Among the entries below, only the lines from the one with "Crinkle Gauze Embroidered Mini Dress" through the one with "Голубой отлично гармонирует" are to be retyped, exactly and without pictures.

- _Task material_

_____

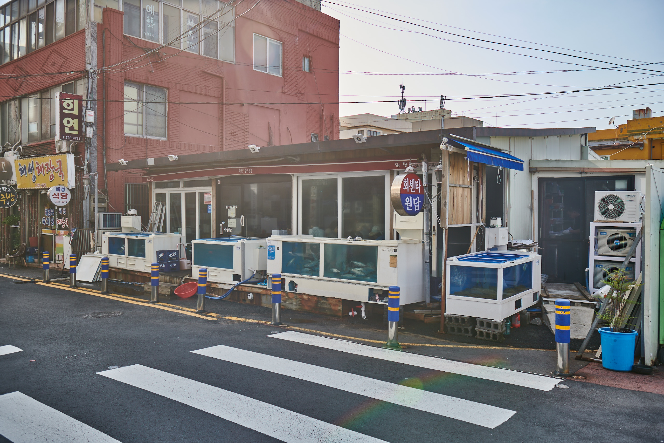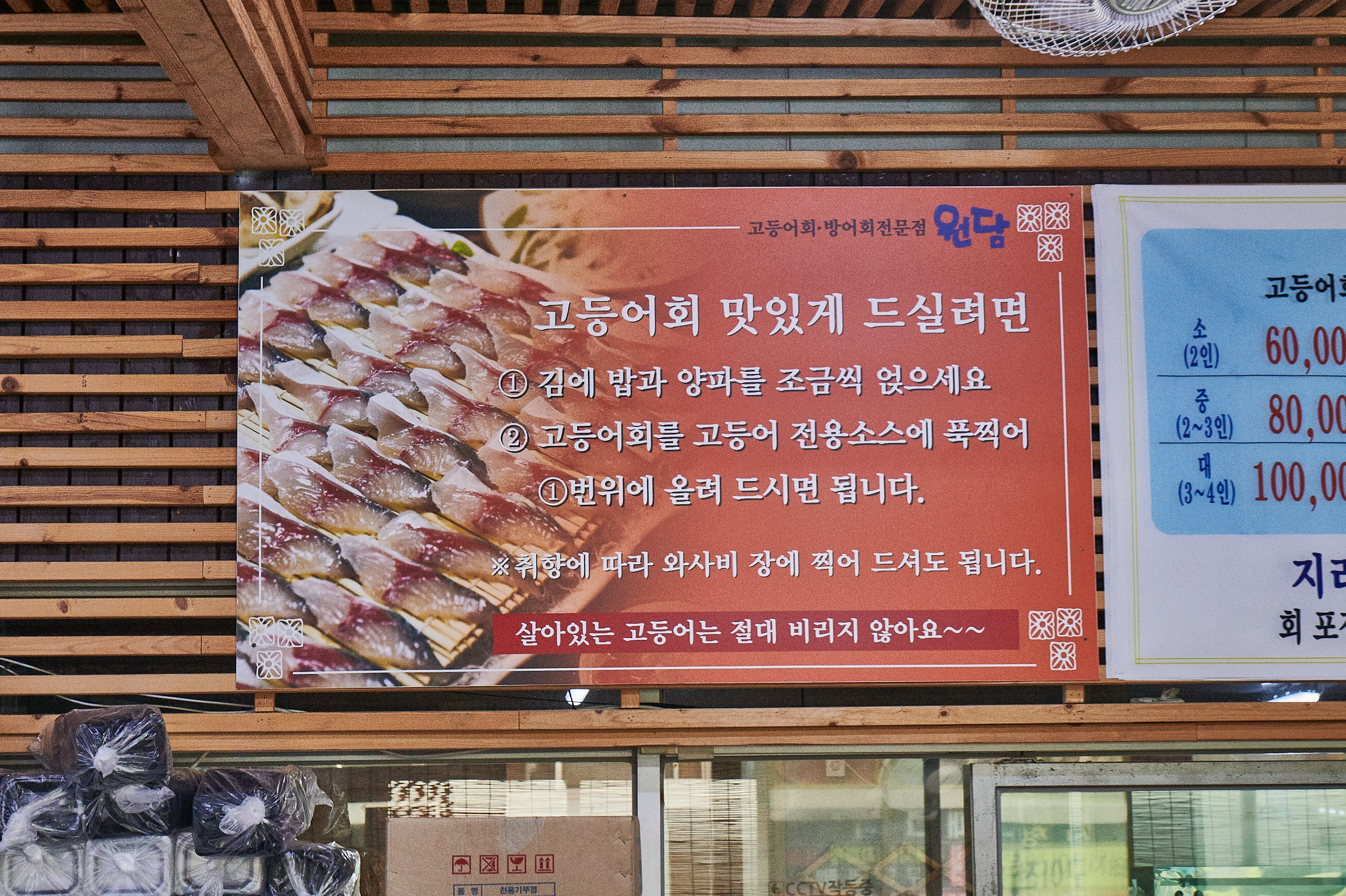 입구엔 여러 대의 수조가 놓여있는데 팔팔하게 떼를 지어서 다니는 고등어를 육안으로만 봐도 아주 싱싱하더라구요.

_____

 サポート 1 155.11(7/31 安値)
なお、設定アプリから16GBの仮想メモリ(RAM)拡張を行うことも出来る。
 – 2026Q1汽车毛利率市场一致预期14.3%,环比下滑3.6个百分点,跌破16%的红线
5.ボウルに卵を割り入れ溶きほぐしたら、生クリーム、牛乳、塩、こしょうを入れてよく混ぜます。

_____

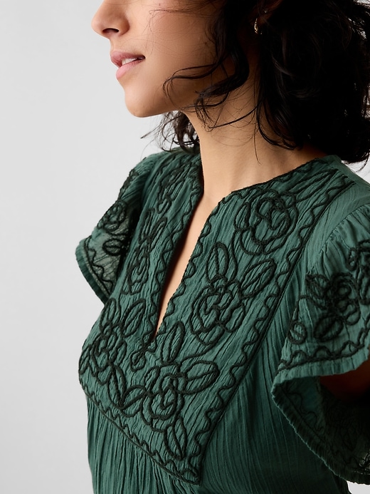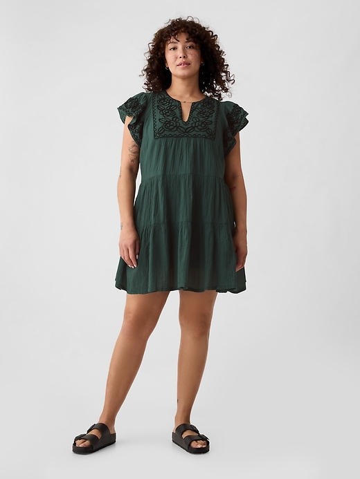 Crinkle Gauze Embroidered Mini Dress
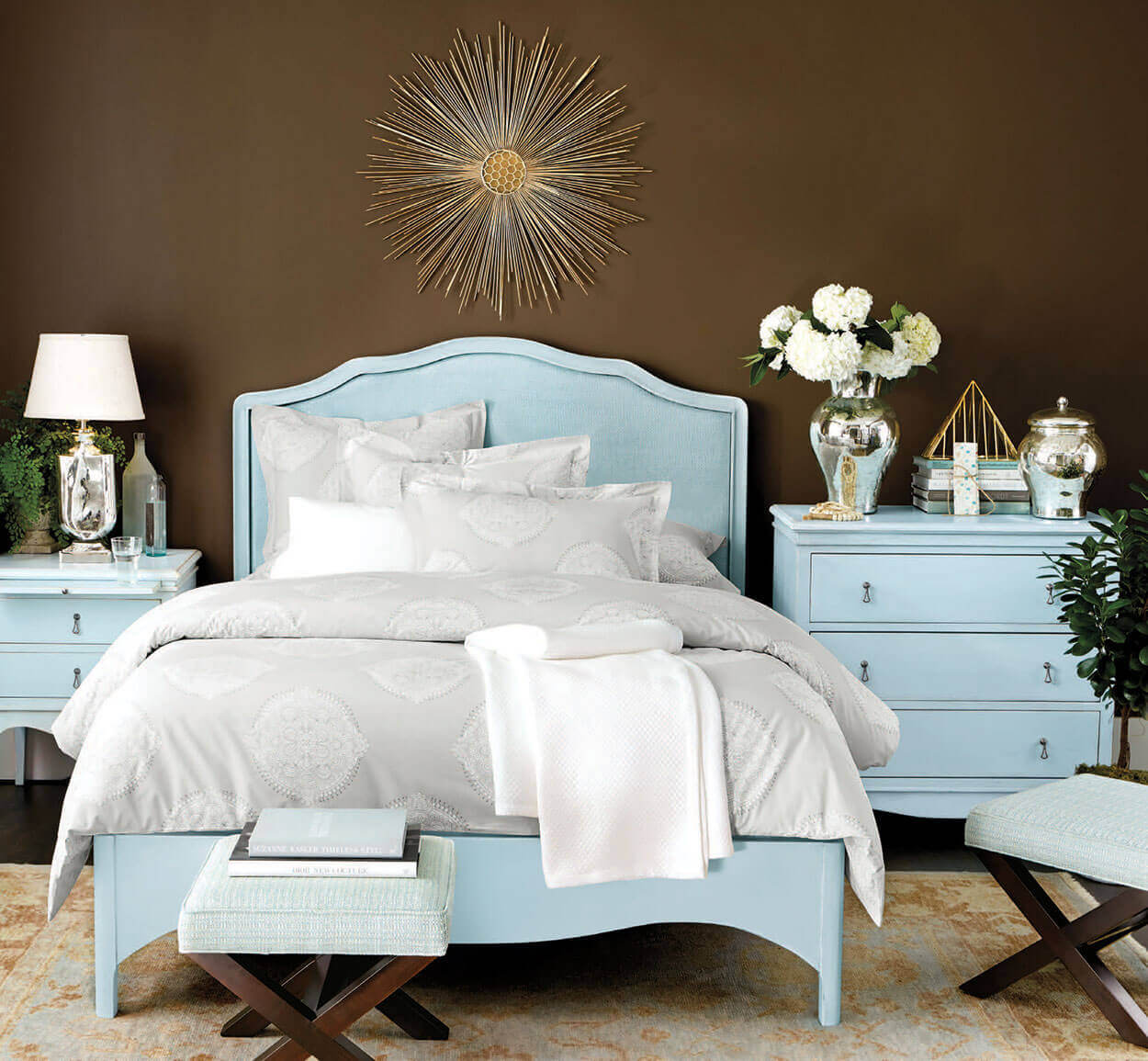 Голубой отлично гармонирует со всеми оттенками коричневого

_____

- _Solution to this problem_
 Crinkle Gauze Embroidered Mini Dress
 Голубой отлично гармонирует со всеми оттенками коричневого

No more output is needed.